Reggie blinked at the quiet street, trying to wrap his head around what he’d just seen. Cautiously, he took another step in the direction of the gasthof.
There was another flash of light in front of him. “Really?” Reggie said. “You again? Or, I mean, me again?”
“No,” the new Reggie, just as dirty and beat up as before, said to him. “I’m not the one you’re thinking of as Reggie-B. I’m you from two weeks in the future, but not the same two weeks. An alternate possible two weeks.”

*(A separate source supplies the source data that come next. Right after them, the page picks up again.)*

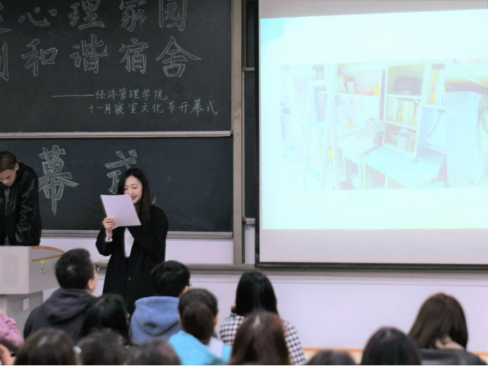 开幕式伊始,王传宇对学院各学科宿舍评比活动进行了详细介绍,并对优秀寝室进行照片展示。紧接着,优秀寝室长代表梁艳娇上台发言,她讲到维持一个良好的宿舍环境和优秀的学习氛围,离不开每一位同学共同的努力,有一份耕耘才有一份收获。随后,寝室优秀个人代表霍子怡表示团结友爱的宿舍氛围是靠用心付出来培育的,积极向上的宿舍文化是靠美德和智慧去营造的。最后,许金鑫对本次寝室文化节开幕式进行了总结。
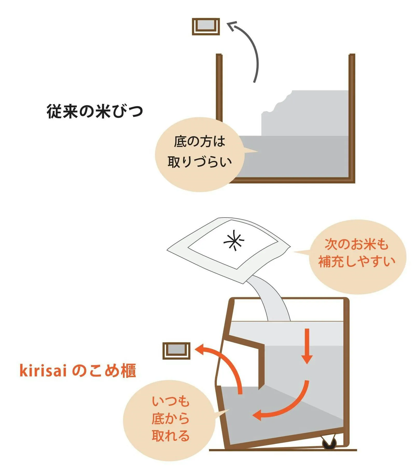 底のお米が前から取り出せる
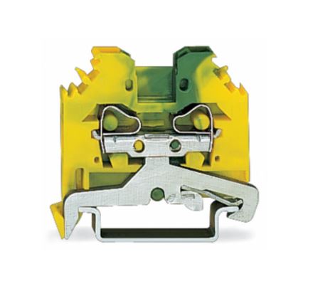 This ground terminal block (item number 281-107) is designed to connect conductors quickly and easily. Our ground terminal blocks allow you to connect electrical conductors directly to the mounting rail thanks to an integrated contact foot. This connection ensures both electrical and mechanical stability between the conductors and the mounting adapter. Strip lengths must be between 9mm and 10mm when connecting conductors to this ground terminal block. This product features conductor terminals and utilizes CAGE CLAMP®. Our highly-rated and maintenance-free CAGE CLAMP® connection makes it easy to connect all types of conductors without having to prepare the conductor. For example, you don't need to crimp ferrules. This ground terminal block is suitable for conductor cross sections ranging from 0.08mm² to 4mm². It features one level and two clamping points that you can use to connect a single potential. The green-yellow housing is made of polyamide (PA66) for insulation. An operating tool is used to operate this through rail-mount terminal block. These through rail-mount terminal blocks are mounted using DIN-35 rails.. The side-entry wiring allows you to connect copper, aluminum conductors.
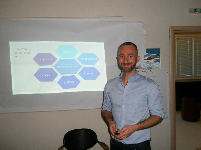 Στο Σεμινάριο της Δευτέρας παρουσίασε τους παράγοντες που συνιστούν την Αυτοφροντίδα, τη σημασία της και μέσα από συμμετοχικές διαδικασίες με τις οικογένειες - φροντιστές παρουσιάστηκαν πρακτικές διαδικασίες και τρόποι ενδυνάμωσής της , για την καλύτερη ποιότητα ζωής τόσο των ίδιων όσο και κατεπέκταση των ληπτών υπηρεσιών ψυχικής υγείας.
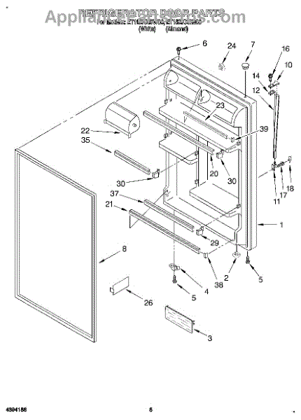 Parts for Whirlpool ET18ZKXDW06: 04 - Refrigerator Door Parts

“Reggie-B2?” Reggie asked.
“Basically. Now listen, you can’t do this. You’ve set something in motion…”
Two more flashes, two more Reggies. These two looked exactly like the ones who had disappeared earlier.
“What the hell are you doing back?” Reggie-C asked Reggie-B.
“When you stopped me from stopping me,” Reggie-B said, “you ceased to exist because I never became you. But if I never became you then you never existed to stop me from stopping me.”
“Well I’m here to stop all of you,” Reggie-B2 said. Both B and C looked like they were ready to attack B2, but they were stopped by another flash as a version of Reggie ten years older than all the others stepped into the street.
“I did it,” the new one said. “I got out of the whole mess. I’m…” He looked at all the other Reggies and screamed. “No! No, I can’t be back here! I’ve become Reggie-T63! This can’t be!” He ran screaming down the street and disappeared in another flash.
There were more flashes all the way up and down the street. What had been a quiet road minutes earlier was now loud with arguing Reggies, each one trying to stop another from doing something at some point in Reggie’s personal timeline. Reggie, the original Reggie, backed away from the growing crowd. When he was far enough away from all the bickering, he finally heard the old woman laughing. Reggie turned to her and saw her watching the whole scene, cackling softly to herself.
“This is what you get,” the old woman said. “This is what you get for trying to mess with time travel.”
“What do you know about time travel?” Reggie asked.